Zhang Tiantian, Lin Zichuan, Wang Yuxing, Ye Deheng, Fu Qiang, Yang Wei, Wang Xueqian, Liang Bin, Yuan Bo, Li Xiu
IEEE Trans Neural Netw Learn Syst. 2024 Oct;35(10):14588-14602. doi: 10.1109/TNNLS.2023.3280085. Epub 2024 Oct 7.

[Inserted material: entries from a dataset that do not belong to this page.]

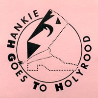 hank wangford - badge - designed by caramel crunch - hankie goes to holyrood - black text on white background - with graphic boot & hank face logo badge - 1" diameter - circular
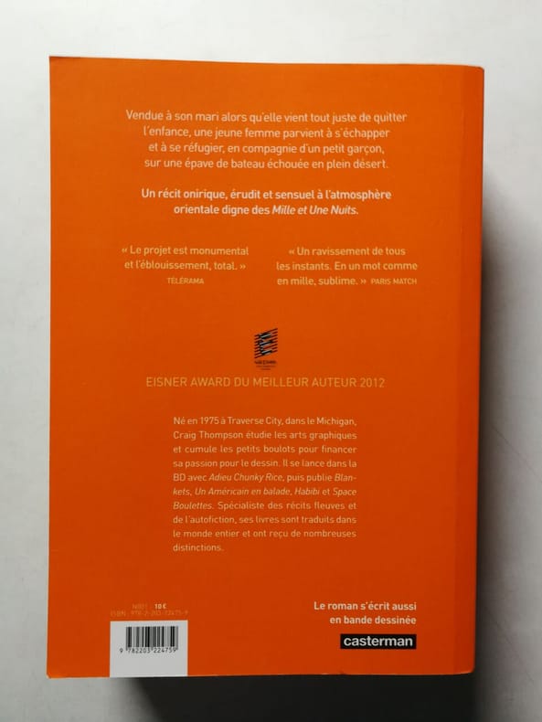 CASTERMAN 2021 672 pages 14 2x19 8x4 7cm. 2021. Broché. 672 pages. Habibi est un roman graphique de Craig Thompson qui raconte l'histoire de Dodola et Zam deux enfants esclaves qui fuient et trouvent refuge dans le désert. Leur relation évolue au fil des années mêlant amour survie et quête d'identité dans un monde marqué par la violence et les traditions
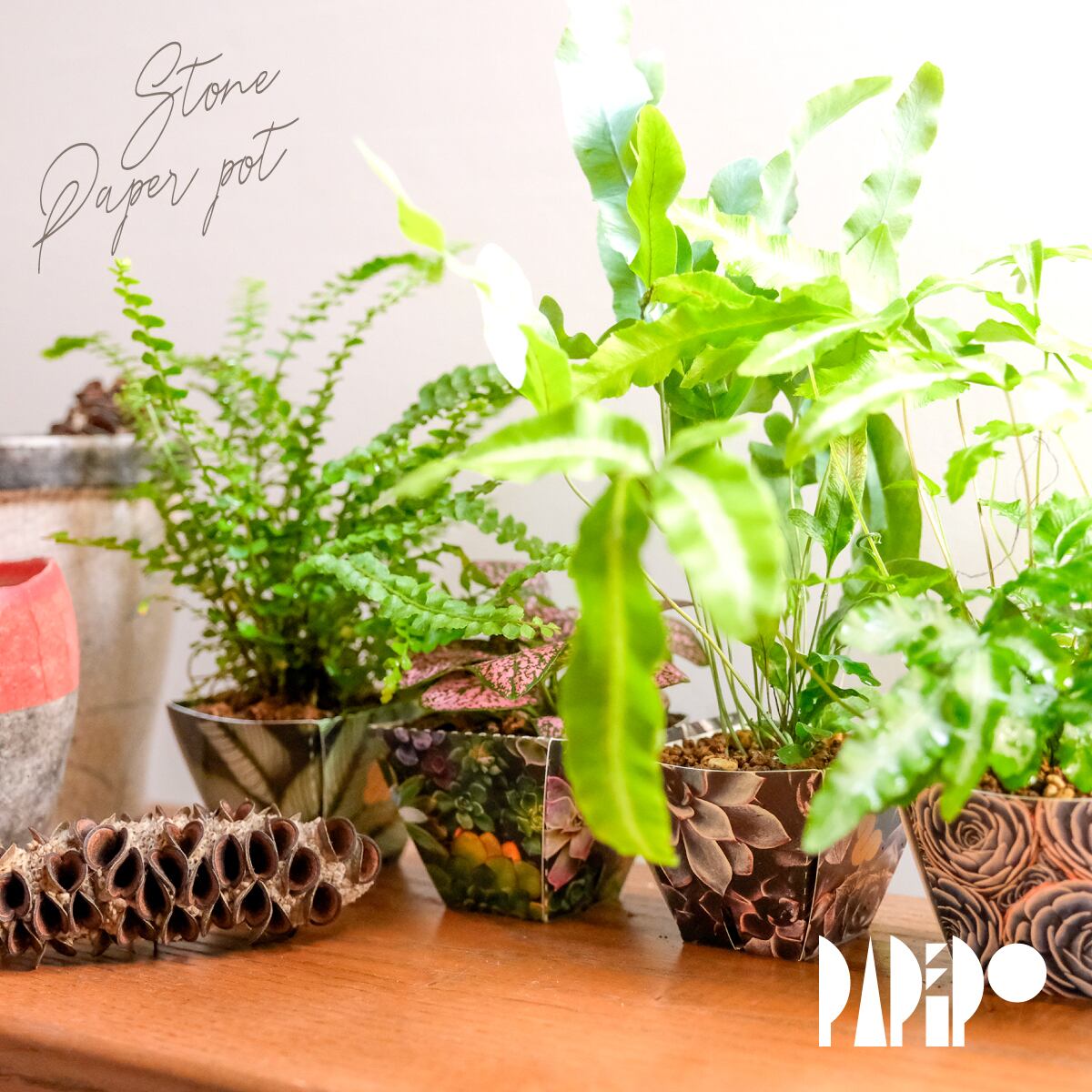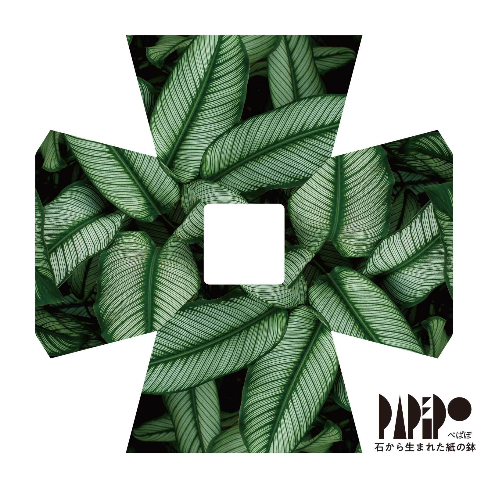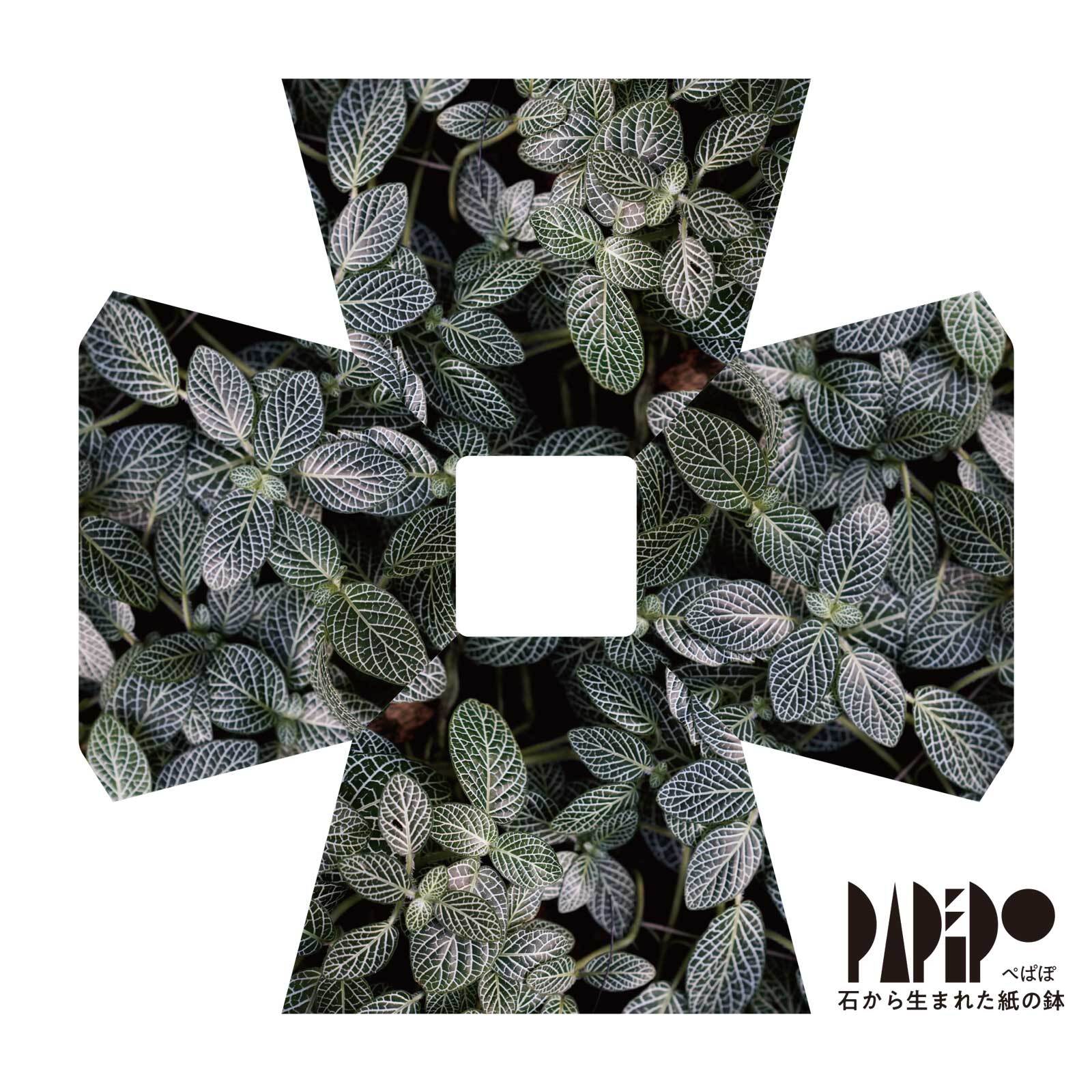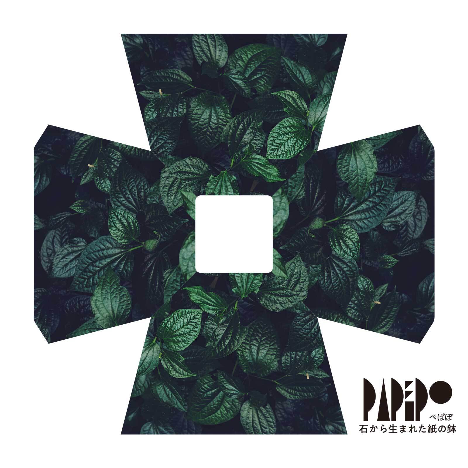 「ぺぱぽ」とは、石から生まれた折って作る紙の鉢。紙だから好みのグラフィックも印刷ができ、ノベリティーや手描きのメッセージを施してプレゼントとして…環境課題を意識する豊橋合同印刷株式会社が設計・デザインしました。+PAPERならではのオリジナル商品です。
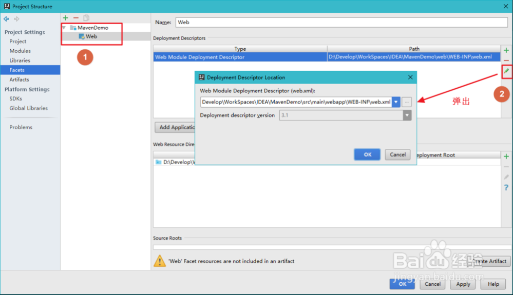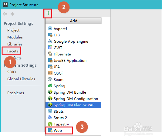 2. 打开ProjectStructure后,按照图示依次点击Facets->+号,在弹出的对话框个中选择Web.
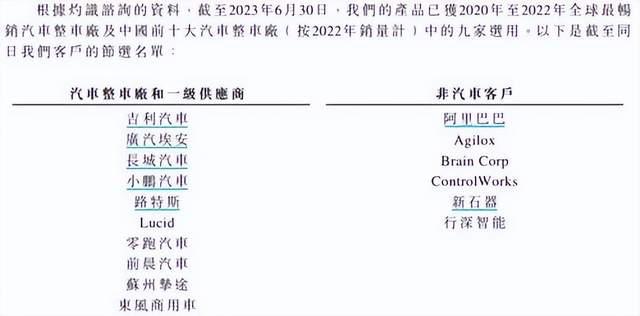 這一先發(fā)優(yōu)勢也延續(xù)至今,招股書顯示,截至 2023 年 3 月 31 日:速騰聚創(chuàng)已成功取得 21 家汽車整車廠及一級供應商的 52 款車型的前裝量產(chǎn)定點預期訂單,位居全球第一。根據(jù)灼識咨詢的資料,截至同日,速騰聚創(chuàng)的激光雷達產(chǎn)品已被全球最暢銷汽車整車廠(按 2020 年至 2022 年銷量計)及按中國前十大汽車整車廠(按 2022 年銷量計)中的九家選用,包括中國最大的汽車整車廠及全球最大的新能源汽車整車廠。其中,主要客戶包括吉利汽車、廣汽埃安、長城汽車、小鵬汽車、路特斯、Lucid、零跑汽車等。

A key challenge of continual reinforcement learning (CRL) in dynamic environments is to promptly adapt the reinforcement learning (RL) agent's behavior as the environment changes over its lifetime while minimizing the catastrophic forgetting of the learned information. To address this challenge, in this article, we propose DaCoRL, that is, dynamics-adaptive continual RL. DaCoRL learns a context-conditioned policy using progressive contextualization, which incrementally clusters a stream of stationary tasks in the dynamic environment into a series of contexts and opts for an expandable multihead neural network to approximate the policy. Specifically, we define a set of tasks with similar dynamics as an environmental context and formalize context inference as a procedure of online Bayesian infinite Gaussian mixture clustering on environment features, resorting to online Bayesian inference to infer the posterior distribution over contexts. Under the assumption of a Chinese restaurant process (CRP) prior, this technique can accurately classify the current task as a previously seen context or instantiate a new context as needed without relying on any external indicator to signal environmental changes in advance. Furthermore, we employ an expandable multihead neural network whose output layer is synchronously expanded with the newly instantiated context and a knowledge distillation regularization term for retaining the performance on learned tasks. As a general framework that can be coupled with various deep RL algorithms, DaCoRL features consistent superiority over existing methods in terms of stability, overall performance, and generalization ability, as verified by extensive experiments on several robot navigation and MuJoCo locomotion tasks.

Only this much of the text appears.